Just wanted to quickly highlight this excellent Comment is Free piece by Marina Hyde on the racism row that has erupted surrounding the BBC’s Strictly Come Dancing. One of the dancers, Anton Du Beke, told his partner she looked like a ‘paki’ following a spray tan. Du Beke has issued an apology, but the ever-embarrassing presenter Bruce Forsyth responded with the line: ‘we used to have a sense of humour about this’. Hyde says:

The thing that Brucie and his ilk so stubbornly fail to understand is that the cultural memories of centuries of abuse do not evaporate quickly. They are what Barack Obama called the “legacy of discrimination” – an inheritance which becomes for so many a legacy of defeat.

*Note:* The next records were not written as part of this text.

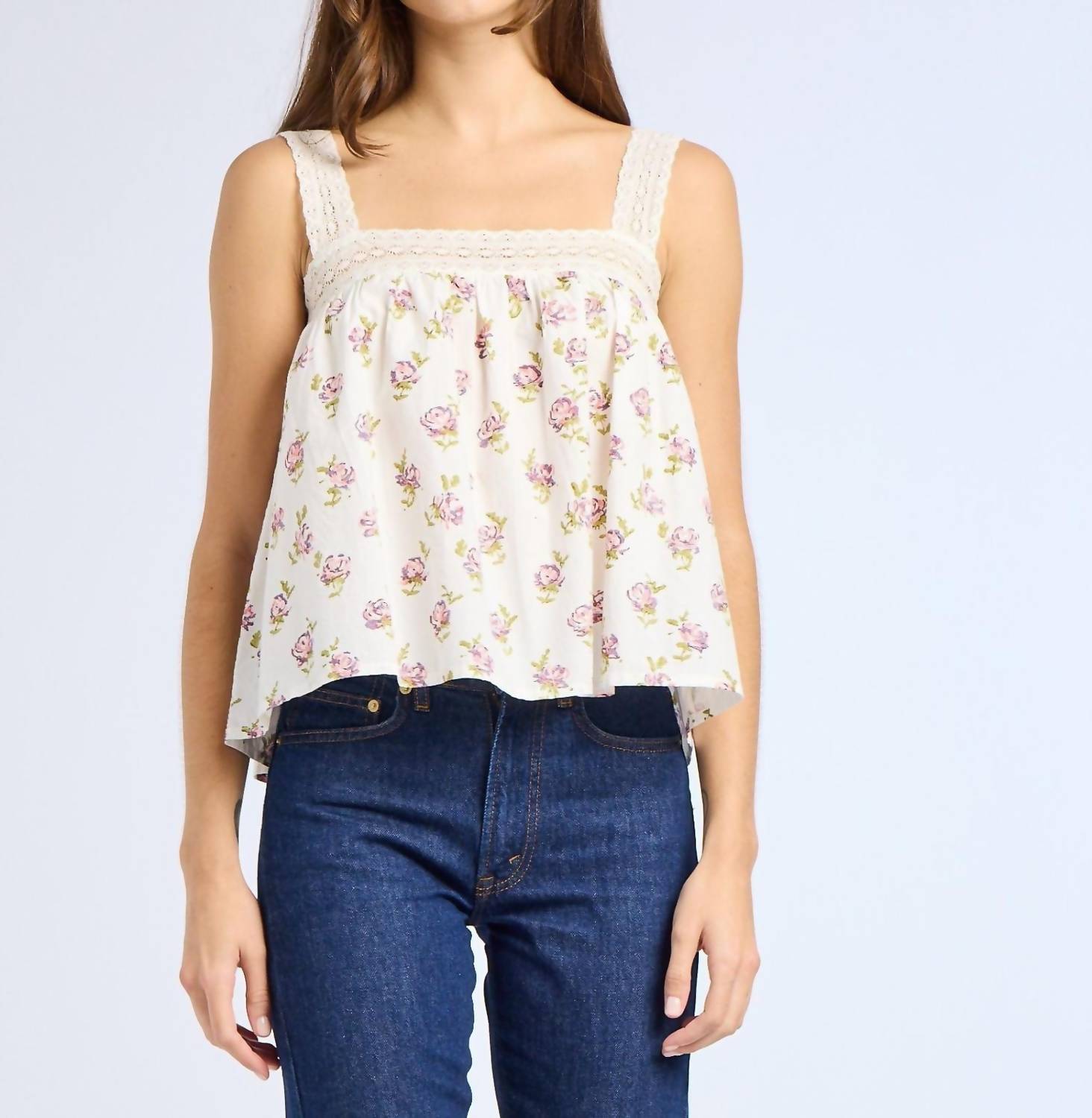 The Sasha top showcases a square neckline accented with delicate cotton lace that extends along the shoulder straps. Designed with a relaxed fit, it offers a gentle, swingy drape through the body. Made from 100% organic cotton for natural comfort and breathability.
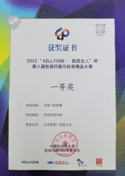 在中国包装联合会主办的2022第八届中国包装印刷与标签作品大奖赛中,我公司选送的《中国飞机(三)》邮票荣获一等奖。
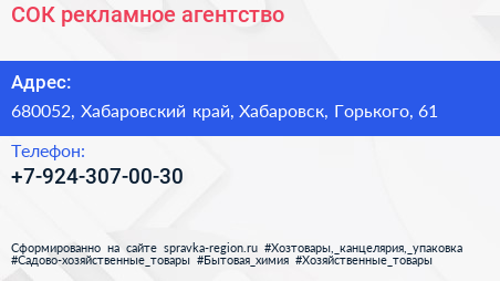 СОК, рекламное агентство по адресу 680052, Хабаровский край, Хабаровск, Горького, 61 в дальнейшем Организация, размещена в следующих категориях:
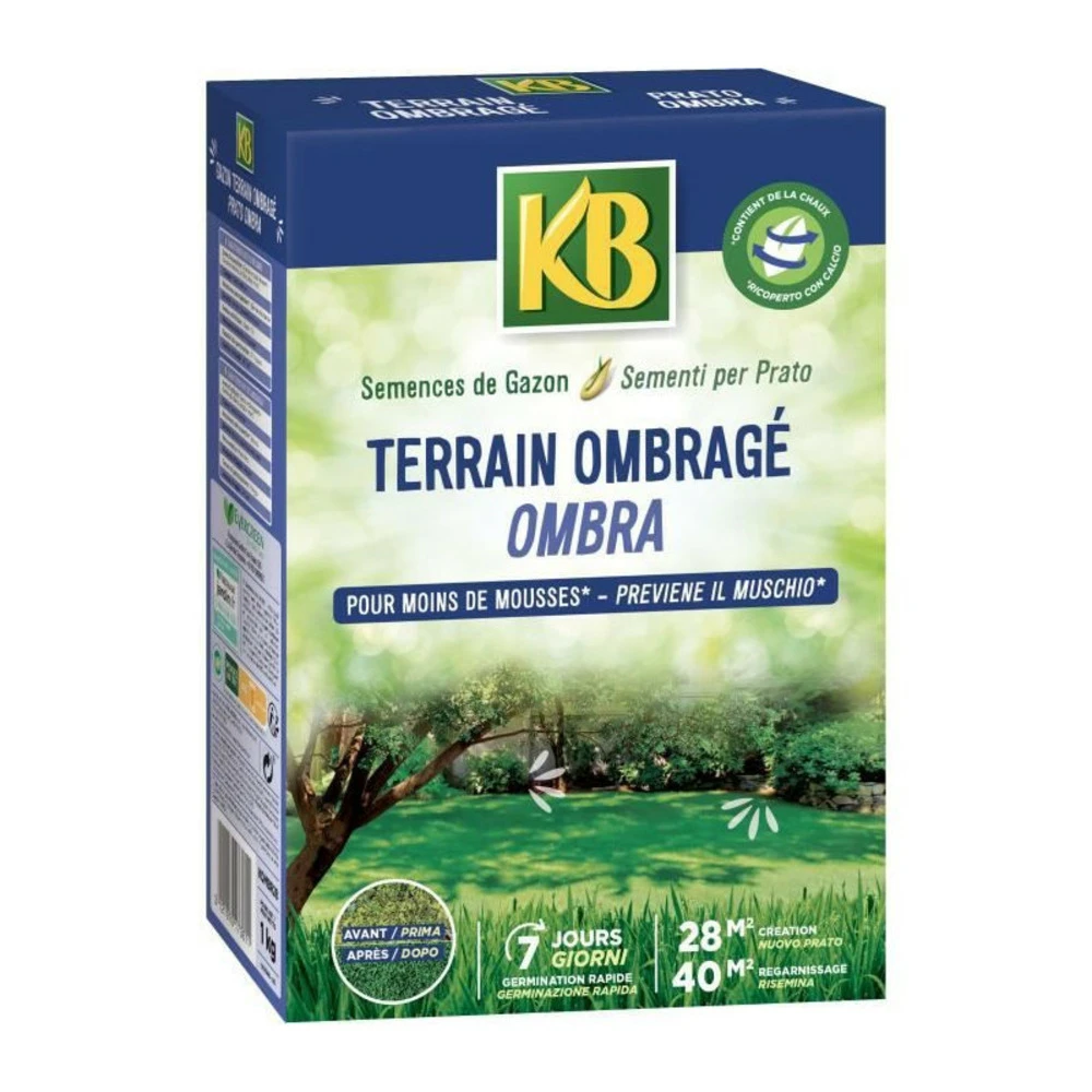 Semences aux carbonate de calcium, pour l’acidité du sol et l’arrivée des mousses. L’implantation rapide du ray grass anglais prévient l’apparition de mousse. La fétuque rouge traçante est auto-réparante. La chaux réduit l’acidité du sol. Le carbonate de calcium diminue le ph du sol et améliore la germination.
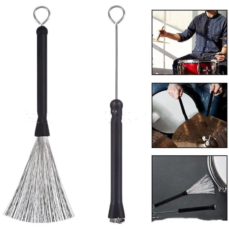 Wire brushes come with flexible stainless steel wires, perfect for subtle and delicate strokes on snare drums and cymbals. Their smooth, swishing sound is favored in jazz, blues, and softer musical genres.
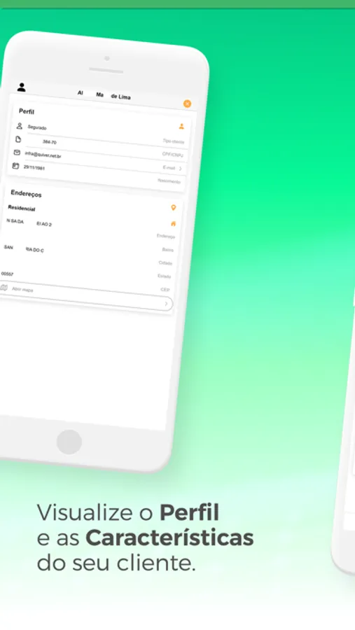 - Consulte o perfil do seu cliente, suas características, seus contatos e endereços.
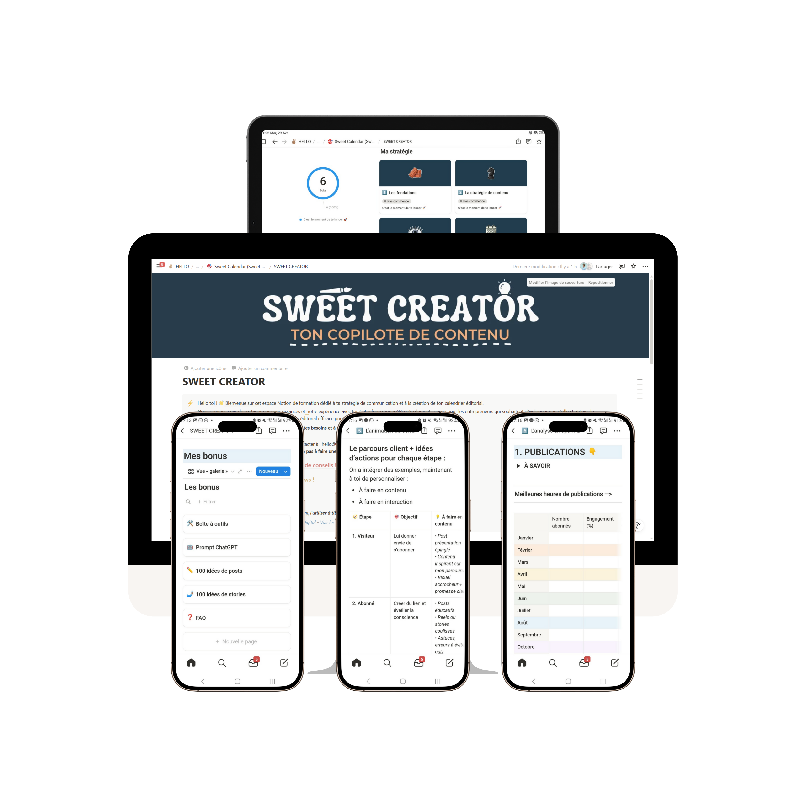 Oh que oui. Sweet Creator, c’est un vrai outil de pilotage complet, pas juste un tableau avec des cases. Tu bosses ta stratégie, tu suis tes résultats, tu gères ta routine, tu t’organises au quotidien… et tu gagnes un max de temps.
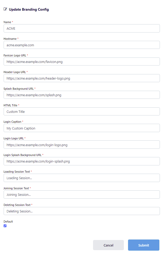 Kasm allows administrators to define multiple branding configurations that are chosen by the system based on the URL hostname the users accesses the system with.
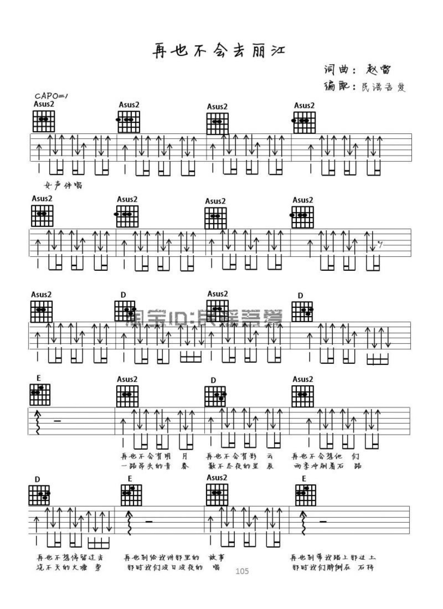 曲谱介绍: 赵雷《再也不会去丽江》吉他谱_民谣歌曲弹唱谱
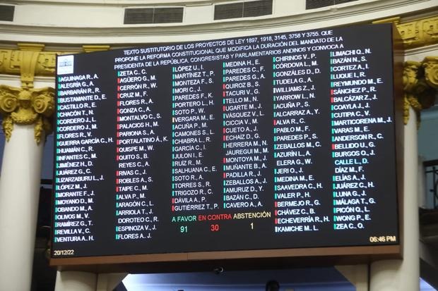 La “Ley de reforma constitucional que modifica la duración del mandato de la presidenta de la República, congresistas y parlamentarios andinos” se aprobó con 93 votos a favor, 30 en contra y 1 abstención.
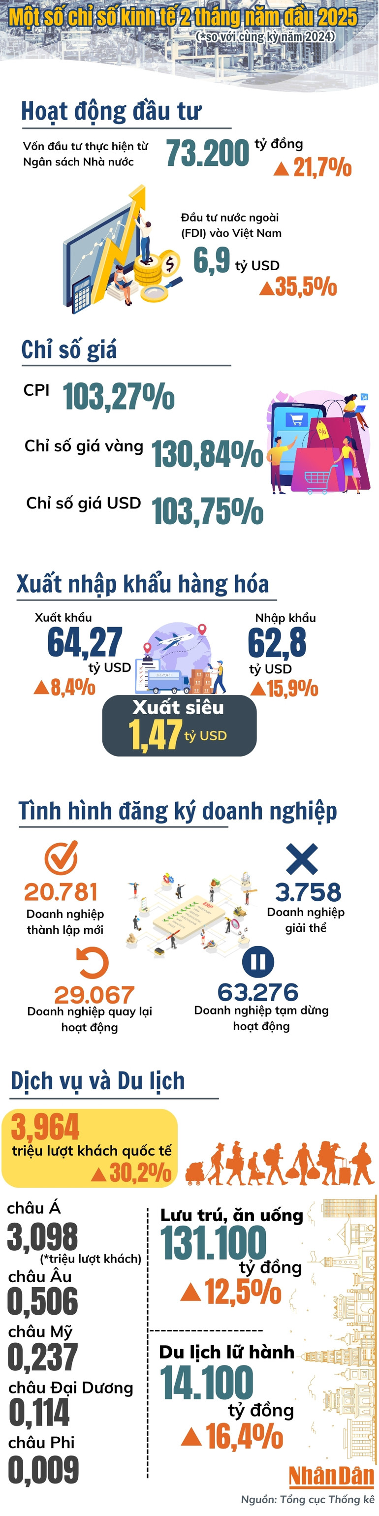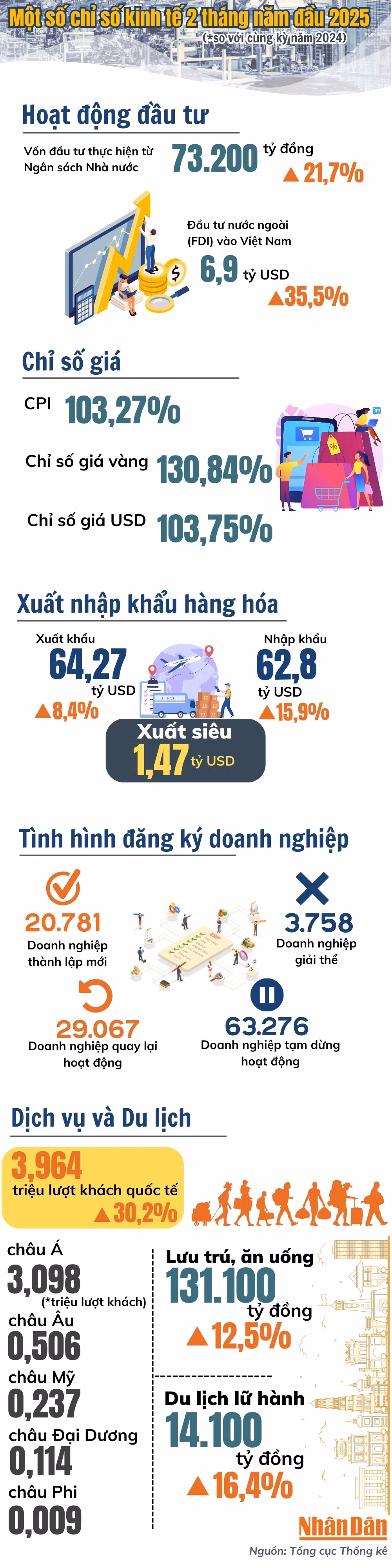 Theo số liệu của Tổng cục Thống kê, kinh tế 2 tháng đầu năm nay đón nhận khởi đầu tích cực để hướng tới mục tiêu tăng trưởng hơn 8% cho cả năm, trong đó ghi nhận tăng trưởng hơn 30% trong thu hút FDI (đạt 6,8 tỷ USD) và số lượng khách du lịch quốc tế (gần 4 triệu lượt khách).
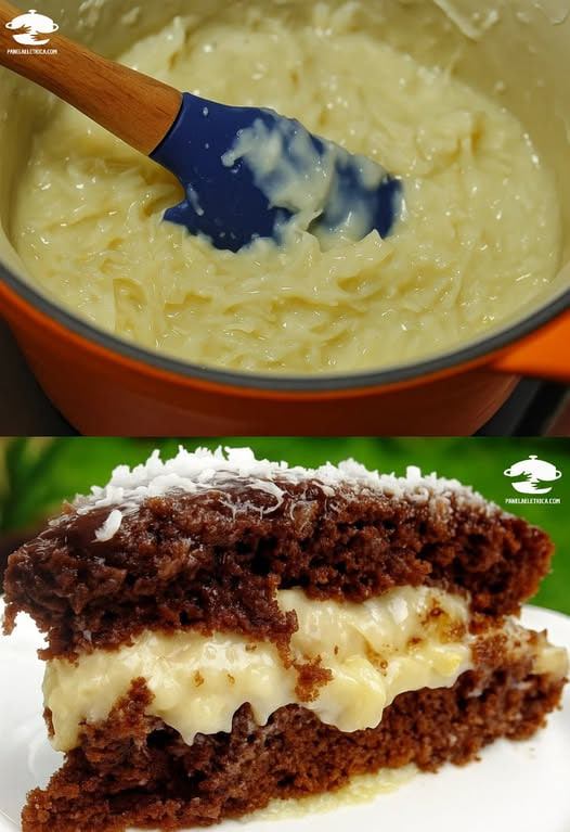 O recheio cremoso de coco é o coração deste famoso bolo de prestígio, uma sobremesa que combina a maciez do bolo de chocolate com o inconfundível sabor tropical do coco. Sua textura aveludada e doçura equilibrada fazem dele uma verdadeira joia da confeitaria caseira.
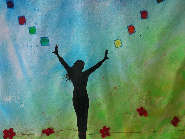 Primero el fondo con sprays (La Pajarita), un poco a lo loco, arrugando la tela para que no quedara igual... dando toques de color verde y amarillo para el campo, rojo a modo de gotas para simular amapolas, y cielo azul.
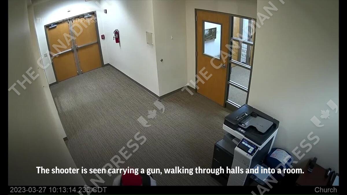 Video released by Nashville, Tennessee police shows the shooter inside The Covenant School, the scene of Monday's shooting. Three adults, three children and the shooter were killed. (March 28)
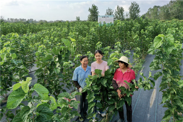 安徽省蠶桑研究所研究員李瑞雪在六安市三十鋪鎮(zhèn)太平村蠶桑生產(chǎn)示范基地指導秋季桑園病蟲害防治。
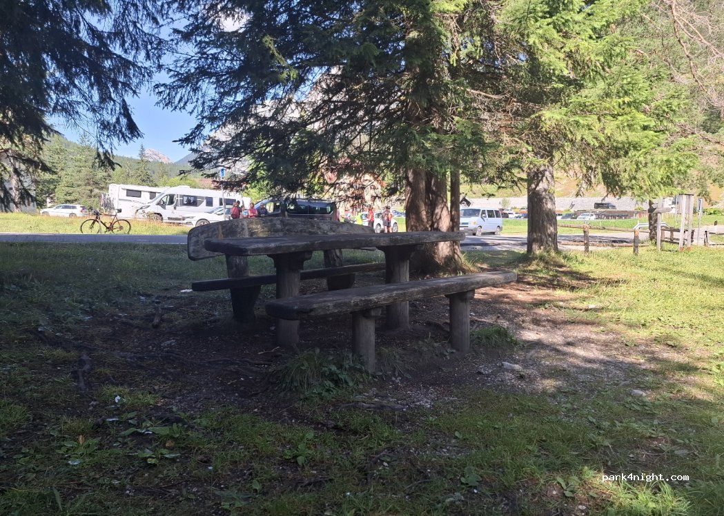 Parking on dirt but well leveled there are no prohibitions, it is on the Cortina Dobbiaco cycle path and next to the bus stop for Misurina and the three peaks of Lavaredo in front there is a picnic area with tables and baskets.
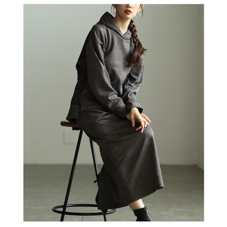 【セットアップ】 トップス トレーナー プルオーバー スカート 2点 チャコール ダークカーキ 秋服
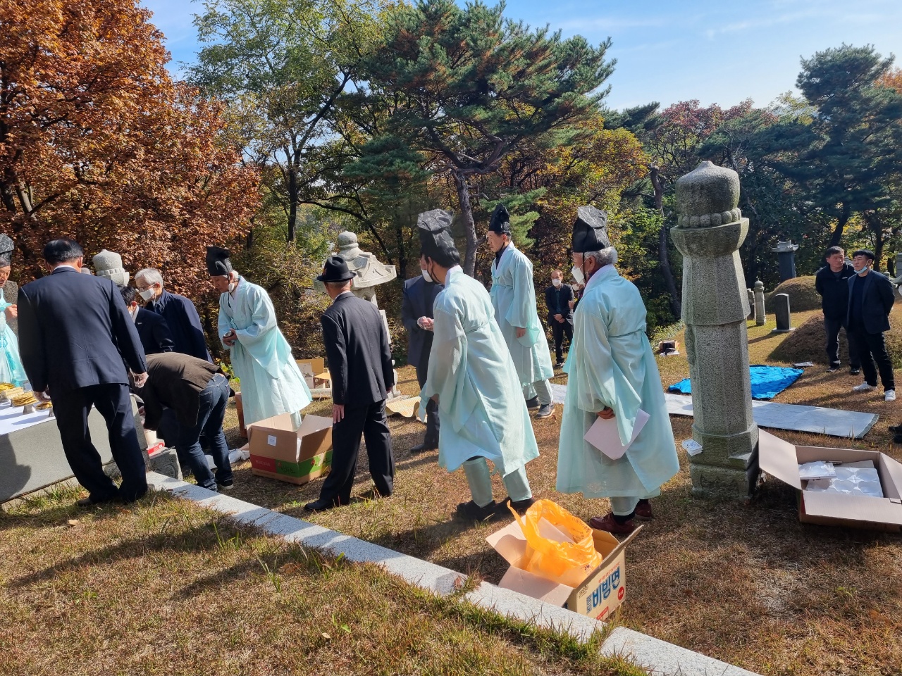시제 행사를 마치고 묘소 입구에서 간단하게 종원 회의를 진행하여 공지사항으로 윤제호 재산관리인 사망하였고, 유족으로부터 무리한 보상(3억)요구로 변호사를 선임하여 명도소송을 진행 중입니다, 자세한 종사 소식은 정기총회에서 논의 하기로 하였습니다. 점심으로 준비한 도시락을 먹으며, 2021년도 시제 행사를 종료하였습니다.
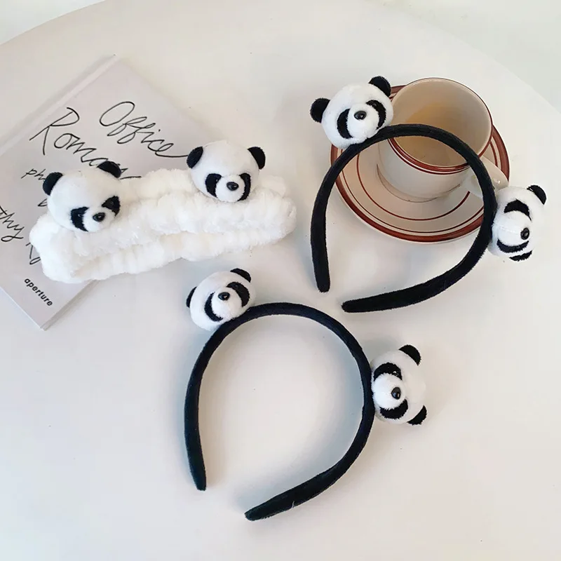 Jiamu New Design Cute Panda Head Hair Band 3D Cartoon Panda Children and Women Headband for Washing Face Makeup Hair Ornaments
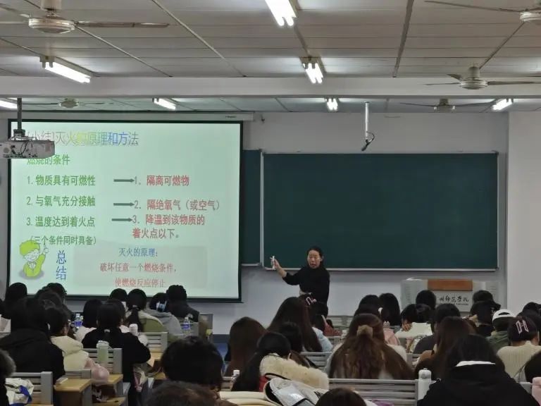 赵娜首先介绍了“双减”政策下,打造初中化学高效课堂的实施策略;然后以课例《燃烧和灭火》为载体,细致阐述了新课程理念下进行化学高效课堂教学的实施路径及落地核心素养的有效途径;最后在互动环节,解答了学生在实际教学中遇到的困惑及问题,使师生们深受启发。她的讲座既有理论的深度,又有实例的剖析与讲解,在教学设计的科学性、情境创设的新颖性、探究活动的实效性,以及化学实验呈现方式、学生学习方式和教学评价方式多样化等方面,均进行了科学示范。

The reactions of the “lighten up” brigade come down to that lazy inability to see that just because a word is spoken — or a sketch performed — in non-malicious jest, it can nonetheless cause deep hurt and offence. Perhaps in the mouth of Anton Du Beke, “Paki” is merely half the word Pakistan, as it is to many who have stormed the talkboards. But in the ear of others, “Paki” is something quite different. It is the word that once rained down in playgrounds or football terraces or streets, and frequently still does in our far-from-civilised society. The stubborn refusal to admit to those historic associations is a tacit perpetuation of them. This is how, long after legislation has addressed the wrongs of the past, one generation still manages to pass the discrimination furtively on to the next.